“Forte eu sou, mas não tem jeito
Hoje eu tenho que chorar”
(Travessia – Milton Nascimento/Fernando Brant)
Ninguém, em sã consciência, haverá de negar que o Brasil tem estado mais triste a cada dia.
A tristeza se potencializa diariamente com a atualização das vidas perdidas para a COVID-19 e para o descaso. Só ontem foram mais 3.025 vítimas fatais.
Não bastasse, para aumentar a tristeza – e revolta –, ainda se somaram à nossa realidade os assassinatos brutais de três crianças e duas professoras, em uma creche, na cidade catarinense de Saudade.
Tudo isso em um ambiente econômico, social e político marcado pela fome de mais de 12 milhões de pessoas, pelo aumento do desemprego e da precarização, pelo crescimento do sofrimento no trabalho e fora dele, pela multiplicação das formas institucionalizadas de opressão, com graves restrições às liberdades democráticas, como forma de disseminação do medo, com destaque para a utilização, pelo governo federal, da FUNAI para a intimidação de lideranças indígenas.
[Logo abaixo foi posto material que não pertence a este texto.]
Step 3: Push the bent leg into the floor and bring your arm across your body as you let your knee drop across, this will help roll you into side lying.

E a tristeza também se intensifica pelas notícias do massacre que está ocorrendo na Colômbia.
Neste contexto, a morte do artista Paulo Gustavo ganha um forte componente de aprofundamento da nossa tragédia social e humana.
Enfrentando todos os desafios, Paulo Gustavo não apenas se constituiu como um grande ser humano, também se dispôs, com seu inigualável talento, aliado a um enorme esforço e a uma dedicação extrema, a difundir, com extrema generosidade e gentileza, suas apreensões de mundo.
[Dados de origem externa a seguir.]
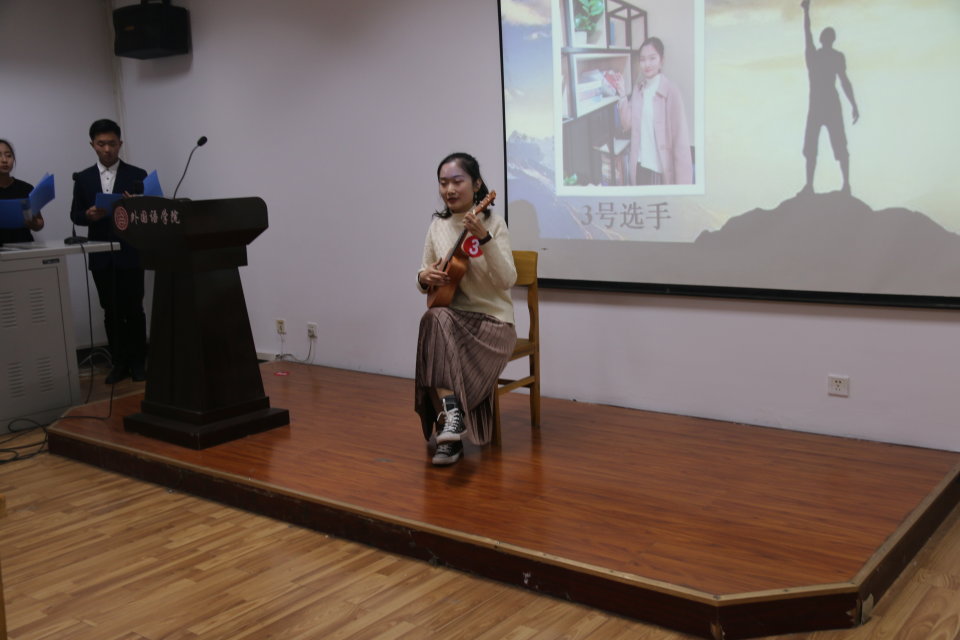 比赛共分为自我介绍、随机主持稿朗诵以及才艺展示三个环节。首先,参赛选手进行自我介绍。随后进行主持稿随机朗诵,包括中英文两种。中文朗诵的同学饱含激情,热情洋溢;英文朗诵的同学发音流利,标准,赢得了观众的一致好评。最后的才艺展示环节,更体现了参赛者的多才多艺。一段OURS的深情演唱,一段独具特色的SPEAKING SHOW,一场有民族气息的脱口秀表演等都为此次主持人大赛决赛增添了别样的风采。

Como revelado em um de seus filmes, “Minha mãe é uma peça 3”, a esperança era de que a trama e a cena específica pudessem servir de exemplo para milhões de pessoas.
Paulo Gustavo era, por assim dizer, uma avalanche de amor, tolerância, igualdade, felicidade e esperança, expressando, em sentido mais pleno, um de seus principais pensamentos – que deve ser, de fato, considerado por todas e todos: “Rir é um ato de resistência”!
E assim é não porque o riso diminua a gravidade e a seriedade dos problemas concretos ou porque importe em um ato de fuga ou de omissão, mas por ser um sinal de vida, de onde se extrai o diagnóstico de que ainda estão presentes a capacidade de se sensibilizar e a disponibilidade para interagir sem cobranças ou condições. O riso é gratuito e afetuoso. E o bom humor, bem ao contrário do que possa parecer, é sintoma de perseverança.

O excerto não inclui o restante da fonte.